Data block:
----
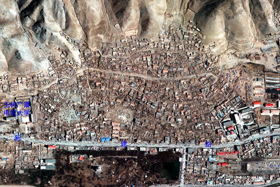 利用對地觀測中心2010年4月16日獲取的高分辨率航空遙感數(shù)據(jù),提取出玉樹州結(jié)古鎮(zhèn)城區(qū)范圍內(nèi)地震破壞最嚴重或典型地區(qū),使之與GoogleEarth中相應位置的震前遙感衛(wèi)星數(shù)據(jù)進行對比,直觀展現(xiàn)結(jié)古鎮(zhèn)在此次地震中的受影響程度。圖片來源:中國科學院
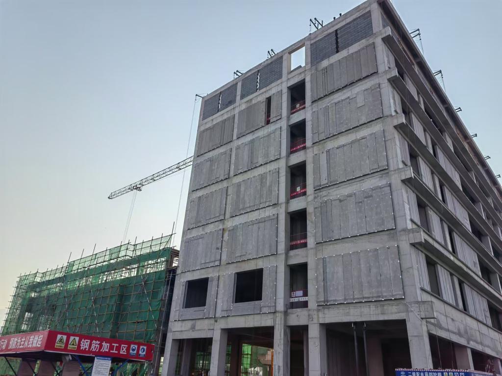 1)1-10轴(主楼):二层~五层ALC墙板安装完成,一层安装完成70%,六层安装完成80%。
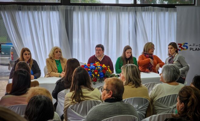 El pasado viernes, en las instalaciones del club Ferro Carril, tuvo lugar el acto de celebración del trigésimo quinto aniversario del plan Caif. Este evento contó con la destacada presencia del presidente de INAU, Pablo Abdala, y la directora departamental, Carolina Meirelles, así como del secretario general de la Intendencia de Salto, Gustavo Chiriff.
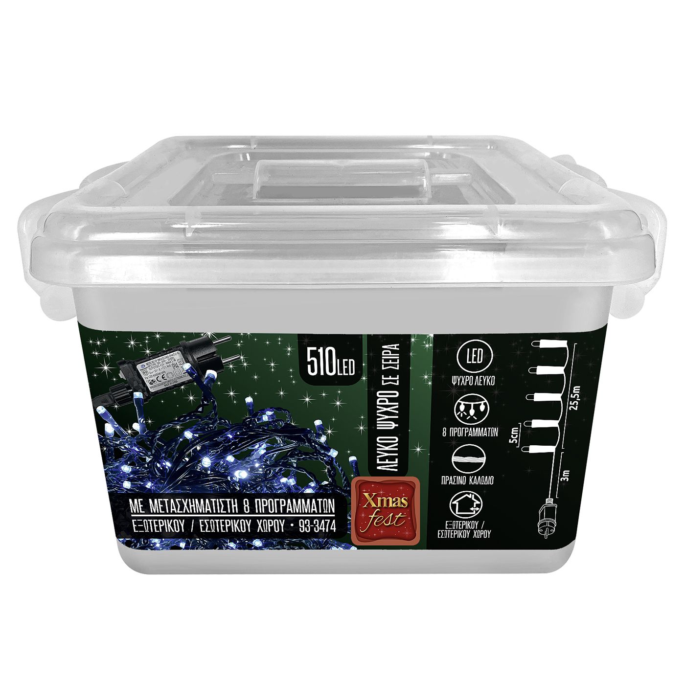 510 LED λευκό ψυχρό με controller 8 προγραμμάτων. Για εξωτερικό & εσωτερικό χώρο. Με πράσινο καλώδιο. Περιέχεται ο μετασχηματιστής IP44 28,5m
----
Work task: Give back the material word for word, without images.

Your solution:
 利用對地觀測中心2010年4月16日獲取的高分辨率航空遙感數(shù)據(jù),提取出玉樹州結(jié)古鎮(zhèn)城區(qū)范圍內(nèi)地震破壞最嚴重或典型地區(qū),使之與GoogleEarth中相應位置的震前遙感衛(wèi)星數(shù)據(jù)進行對比,直觀展現(xiàn)結(jié)古鎮(zhèn)在此次地震中的受影響程度。圖片來源:中國科學院
 1)1-10轴(主楼):二层~五层ALC墙板安装完成,一层安装完成70%,六层安装完成80%。
 El pasado viernes, en las instalaciones del club Ferro Carril, tuvo lugar el acto de celebración del trigésimo quinto aniversario del plan Caif. Este evento contó con la destacada presencia del presidente de INAU, Pablo Abdala, y la directora departamental, Carolina Meirelles, así como del secretario general de la Intendencia de Salto, Gustavo Chiriff.
 510 LED λευκό ψυχρό με controller 8 προγραμμάτων. Για εξωτερικό & εσωτερικό χώρο. Με πράσινο καλώδιο. Περιέχεται ο μετασχηματιστής IP44 28,5m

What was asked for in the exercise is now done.